- DATA PROVIDED
◆ ◆ ◆
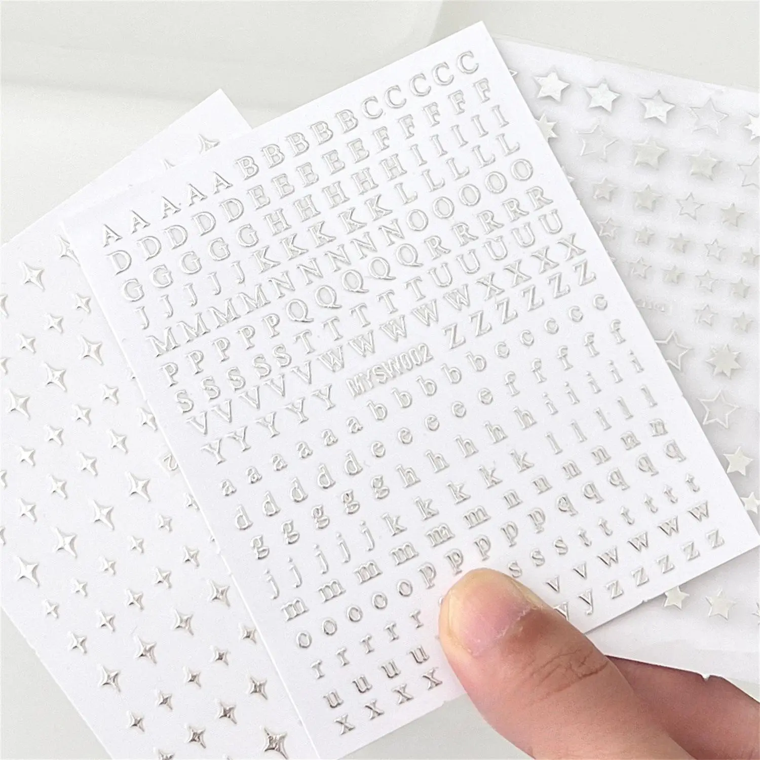 1/3pcs Silver Letters Star Stickers Y2K Kpop Toploader Deco Journaling Stickers Aesthetic Korean Stationery Art Decals for Phone
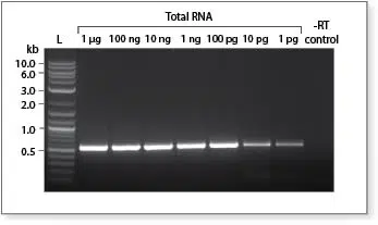 Die ProtoScript® II Reverse Transcriptase von NEB zeichnet sich außerdem durch eine exzellente Sensitivität aus. So ist z.B. eine Input-Menge von weniger als 1 pg Total RNA (oder 5 RNA Moleküle einer spezifischen mRNA) für eine erfolgreiche RT-PCR notwendig.
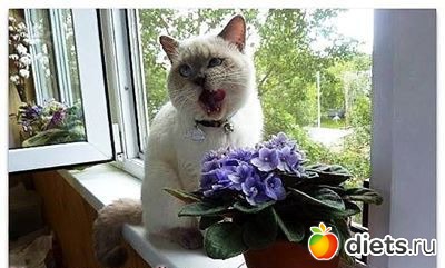 "Да не кричи так! Целы твои фиалки! Уже и зевнуть нельзя!"
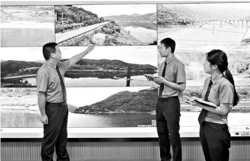 湖北省十堰市郧阳区检察院检察人员通过检察数字中心大屏,远程分析研判丹江口库区郧阳段流域周边生态环境和水质安全情况。
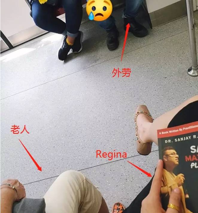 这名印度族客工看起来像是建筑工人。他原本坐在地铁上的“优先座位”上,但旁边的位置是没人坐的。后来一位老人上了地铁,老人与这名客工对视,似乎是不愿意坐到客工身边。
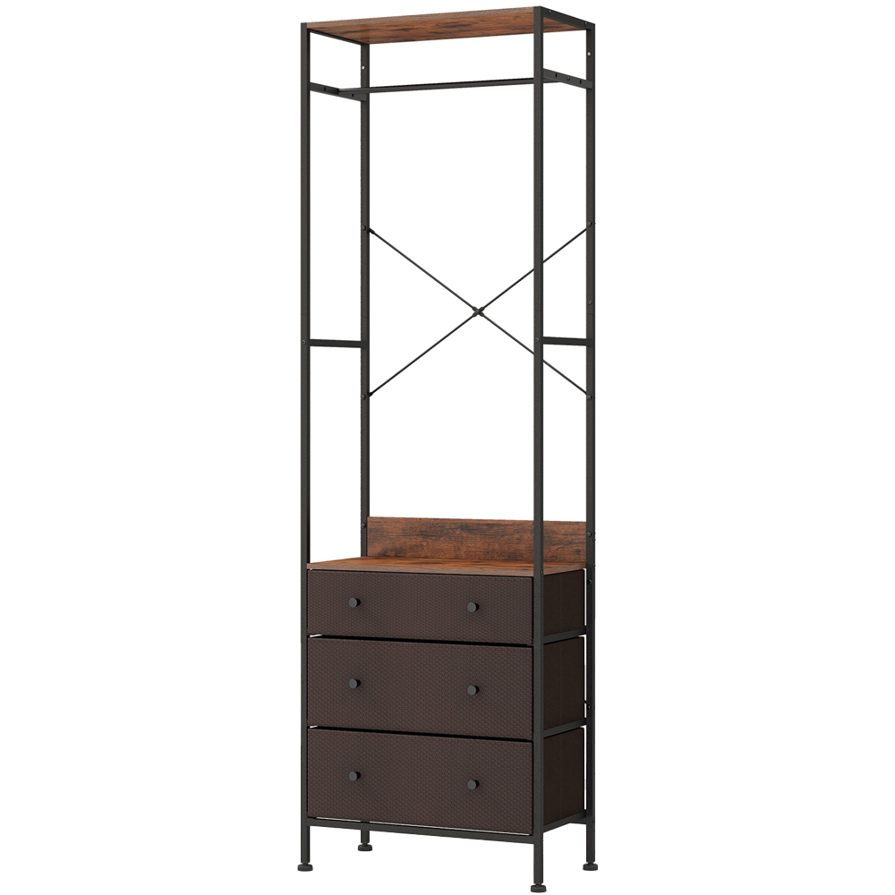 Effortlessly enhance your space and keep items neatly organised with the Costway 3 Drawer Single Shelf Rustic Brown Clothes Rack. This versatile piece not only offers ample storage with its top shelf, hanging rod, middle shelf, and three foldable drawers but also adapts to various needs thanks to its adjustable hanging rod positions and drawer with dividers. Designed with a heavy-duty metal frame and reinforced with X-shaped braces, it ensures stability and safety with anti-toppling devices and adjustable foot pads. The rustic brown finish and industrial design seamlessly blend with any home decor, making it perfect for hallways, bedrooms, or cloakrooms. Its easy assembly and space-saving stature make it an indispensable addition to any compact space.
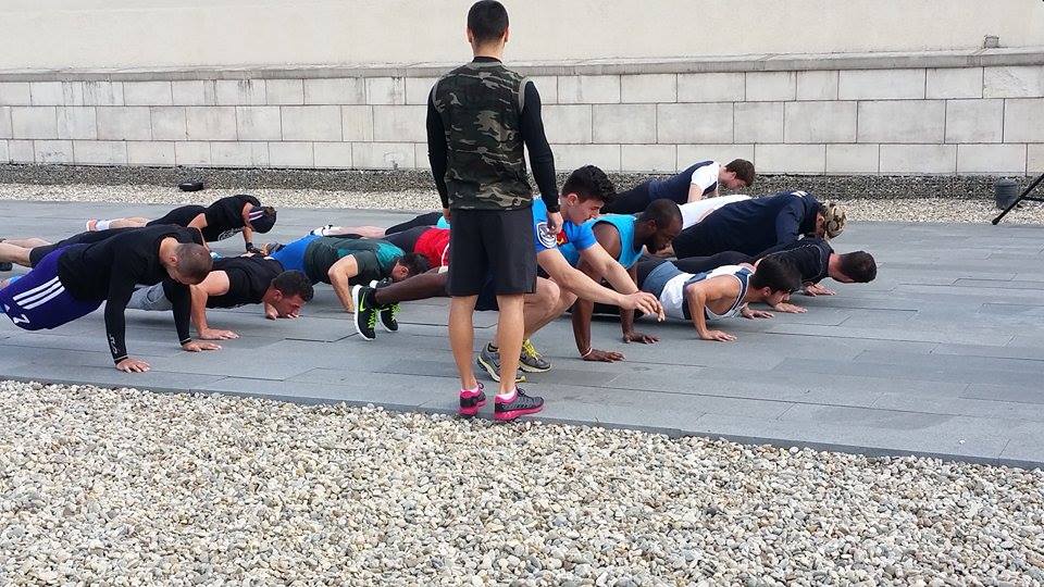 Pasionaţii de sport au devenit soldaţi. Mai mulţi timişoreni, fie ei oameni activi sau doar curioşi să vadă cum e să faci un antrenament ca la carte, au simulat exerciţii fizice, unele chiar şi inspirate din programul soldaţilor înrolaţi.
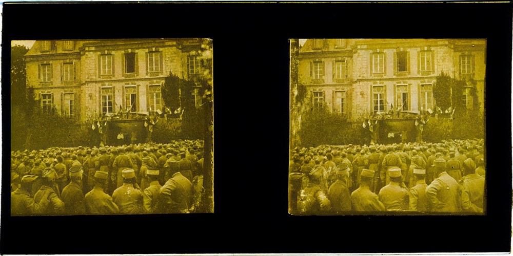 Image Id: 3261 Contributor: The Jordan/Ference Collection Theatre: Western Front Subject: Parades Location: France Regiment: Unknown Service Arm: Unknown Battle: Unknown Date: Unknown Combatants: French Publisher: Amateur Stereographers (Collections) Source: French Directory: Neutral-Grey
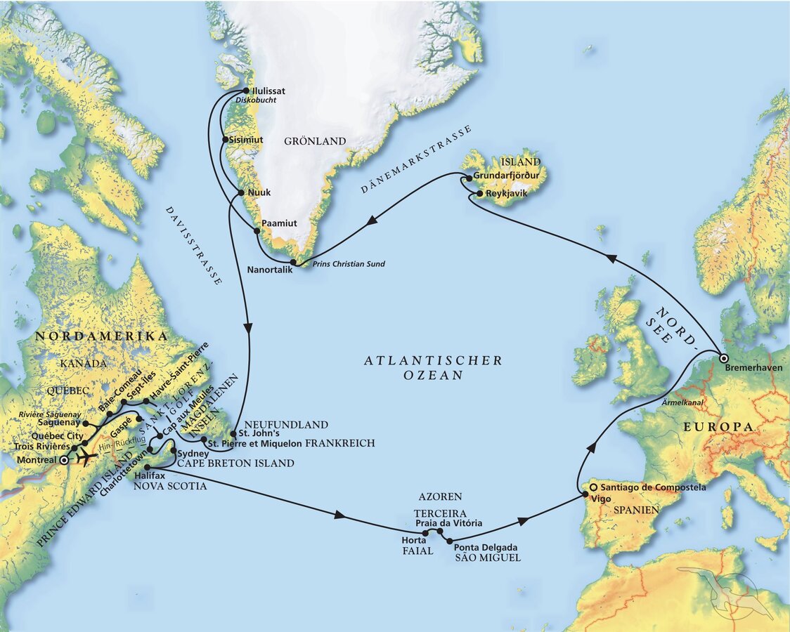 Bremerhaven - Reykjavik - Ilulissat - Sisimut - Nuuk - Québec City - Montreal - Halifax (Nova Scotia) - Saguenay - Bremerhaven
◆ ◆ ◆
Pictures stay out; everything else in the records above gets copied exactly.

 1/3pcs Silver Letters Star Stickers Y2K Kpop Toploader Deco Journaling Stickers Aesthetic Korean Stationery Art Decals for Phone
 Die ProtoScript® II Reverse Transcriptase von NEB zeichnet sich außerdem durch eine exzellente Sensitivität aus. So ist z.B. eine Input-Menge von weniger als 1 pg Total RNA (oder 5 RNA Moleküle einer spezifischen mRNA) für eine erfolgreiche RT-PCR notwendig.
 "Да не кричи так! Целы твои фиалки! Уже и зевнуть нельзя!"
 湖北省十堰市郧阳区检察院检察人员通过检察数字中心大屏,远程分析研判丹江口库区郧阳段流域周边生态环境和水质安全情况。
 这名印度族客工看起来像是建筑工人。他原本坐在地铁上的“优先座位”上,但旁边的位置是没人坐的。后来一位老人上了地铁,老人与这名客工对视,似乎是不愿意坐到客工身边。
 Effortlessly enhance your space and keep items neatly organised with the Costway 3 Drawer Single Shelf Rustic Brown Clothes Rack. This versatile piece not only offers ample storage with its top shelf, hanging rod, middle shelf, and three foldable drawers but also adapts to various needs thanks to its adjustable hanging rod positions and drawer with dividers. Designed with a heavy-duty metal frame and reinforced with X-shaped braces, it ensures stability and safety with anti-toppling devices and adjustable foot pads. The rustic brown finish and industrial design seamlessly blend with any home decor, making it perfect for hallways, bedrooms, or cloakrooms. Its easy assembly and space-saving stature make it an indispensable addition to any compact space.
 Pasionaţii de sport au devenit soldaţi. Mai mulţi timişoreni, fie ei oameni activi sau doar curioşi să vadă cum e să faci un antrenament ca la carte, au simulat exerciţii fizice, unele chiar şi inspirate din programul soldaţilor înrolaţi.
 Image Id: 3261 Contributor: The Jordan/Ference Collection Theatre: Western Front Subject: Parades Location: France Regiment: Unknown Service Arm: Unknown Battle: Unknown Date: Unknown Combatants: French Publisher: Amateur Stereographers (Collections) Source: French Directory: Neutral-Grey
 Bremerhaven - Reykjavik - Ilulissat - Sisimut - Nuuk - Québec City - Montreal - Halifax (Nova Scotia) - Saguenay - Bremerhaven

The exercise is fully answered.